Election campaign: milking cow to farming

Published On: December 3, 2017 03:46 PM NPT


KATHMANDU, Dec 3: The election campaign was a proof to show the extent leaders went to lure voters. From milking a cow to bowing down on a woman’s feet, candidates applied everything at their disposal. 

A CPN-UML candidate milked a cow wearing suit, another one from the Rashtriya Janta Party Nepal’s (RJPN) reached to a woman’s feet and went to farms to meet voters; pictures that have become viral in the social media. Other candidates went to cut paddy, lift mustard and plough fields with voters.  

These are only representatives of the many candidates who competed in the first phase polls of Nov 26. For the second phase, candidates are using new ideas; daily door-to-door campaigns, morning walks and sharing  videos on social media.  

Bibeksheel Sajha Party leads the social media usage to campaign for its election. The party has developed videos with voter’s excerpts and is sharing them on social media for wider reach and influence.  

Social media is one of the effective ways to interact with voters on a daily basis with minimal expenses, Surya Raj Acharya, spokesperson and candidate from Constituency-2, Kathmandu for Bibeksheel Sajha Party said.

“Youths are larely into social media so we rely in it as our primary election tool,” he said adding that the platform also served to connect youths that are away from the country. 
Through increasing social media usage, when party candidates go door-to-door to seek for votes, they are often replied by jubilant people who narrate how their children from Australia and elsewhere had asked to vote the ‘Taraju’.  

Kishor Nepal, a senior journalist opined that the party’s use of social media was heavy because “individually, candidates have come from the social media generation.”

Other political parties followed suit-making Facebook pages, sharing photographs, video and texts. They also have paid social media sites for sponsored advertisements to ensure that their messages reach an even wider audience.  


With the emergence of social media, election campaigns have changed drastically.Earlier, political parties would stick posters and paint concrete walls. Now, they flood digital walls of social media.  
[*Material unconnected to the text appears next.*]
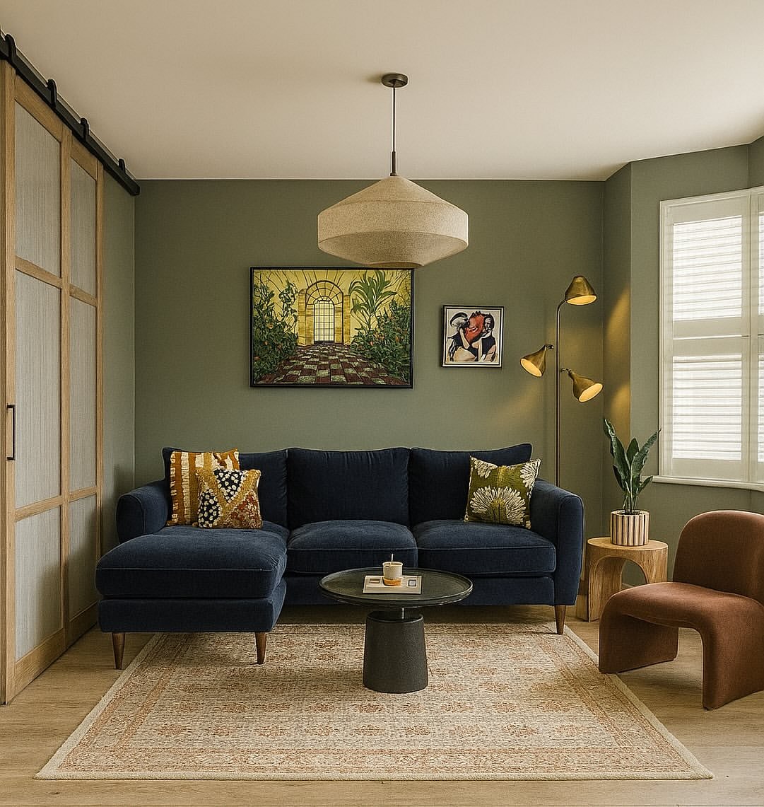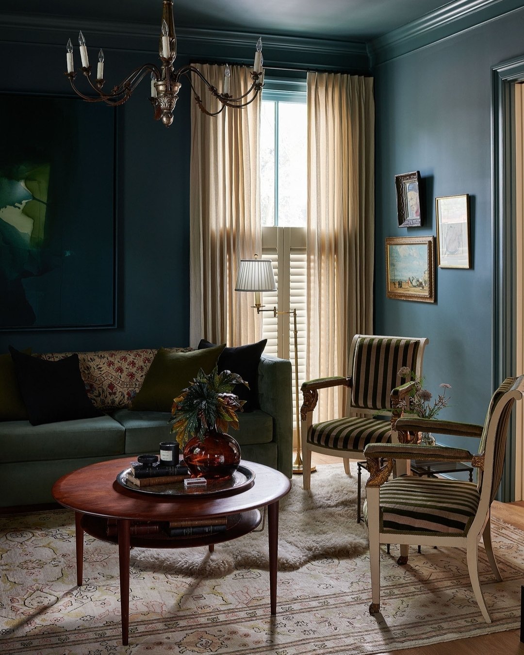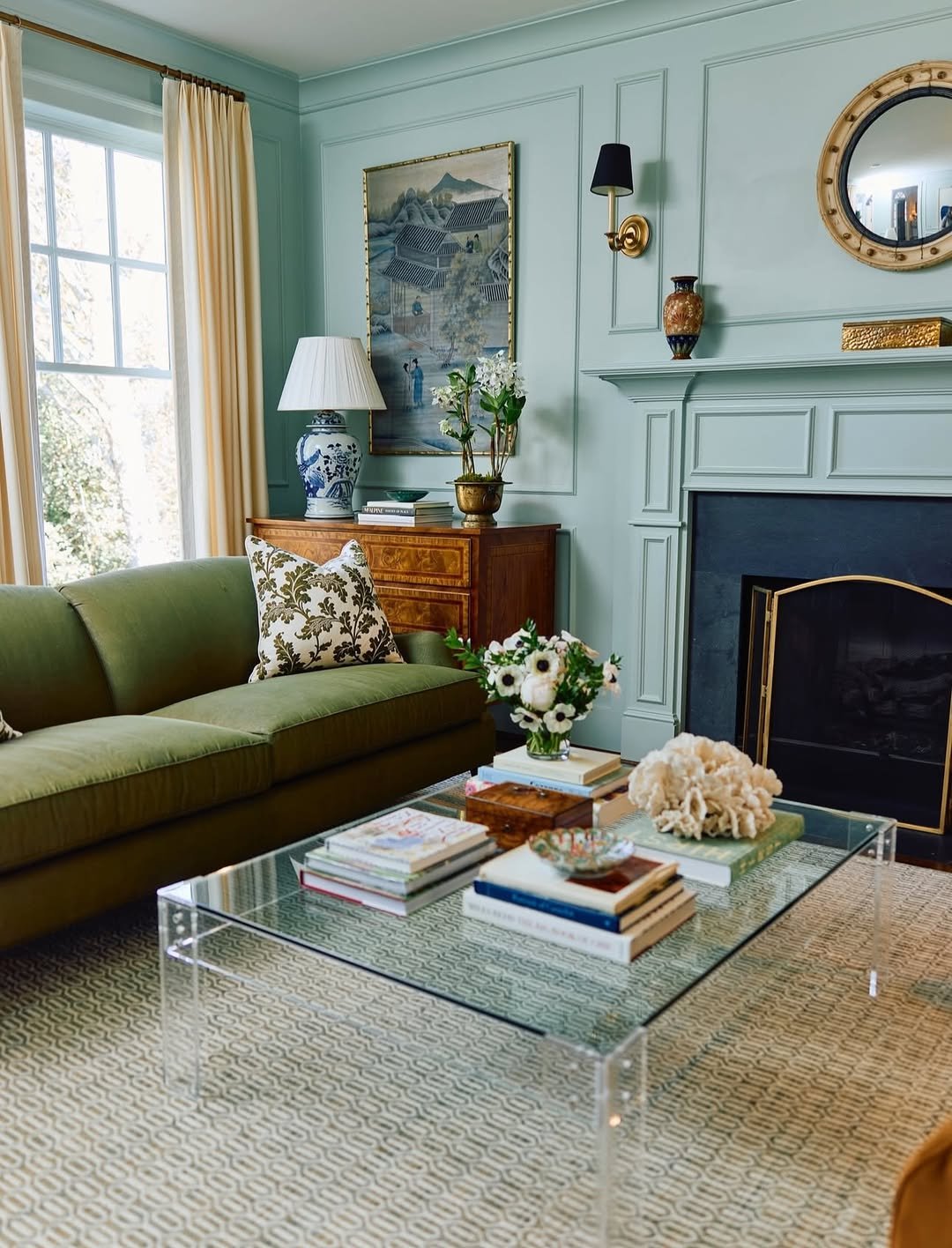 This one leans into timeless style with a fresh twist. The muted green sofa against those soft blue walls feels calm and collected, while the warm wood tones keep everything grounded.

The Maoist (center) is also increasing its digital presence, Surendra Basnet, publicity committee member of the party said adding that the party was also relying on other media; advertisements on radio, television and online news portals.  

“However, in the previous election, we used wall painting and wall posters,” Basnet said.
In the past, candidates reached voters through speeches and mass gatherings. However, this time, they are reaching through social media. Apart from the Left Alliance, no other party has come up with mass election program in the country’s capital or elsewhere.  

Nepali Congress uses a combination of social media and radio networks to campaign for the elections. “We rely on social media and online news portals to reach urban voters, radio to reach in remote areas,” Ajaya Babu Siwakoti, the party’s publicity member said.  

(Report by Bipin Shreesh for Radio Nagarik program “Election Watch”.)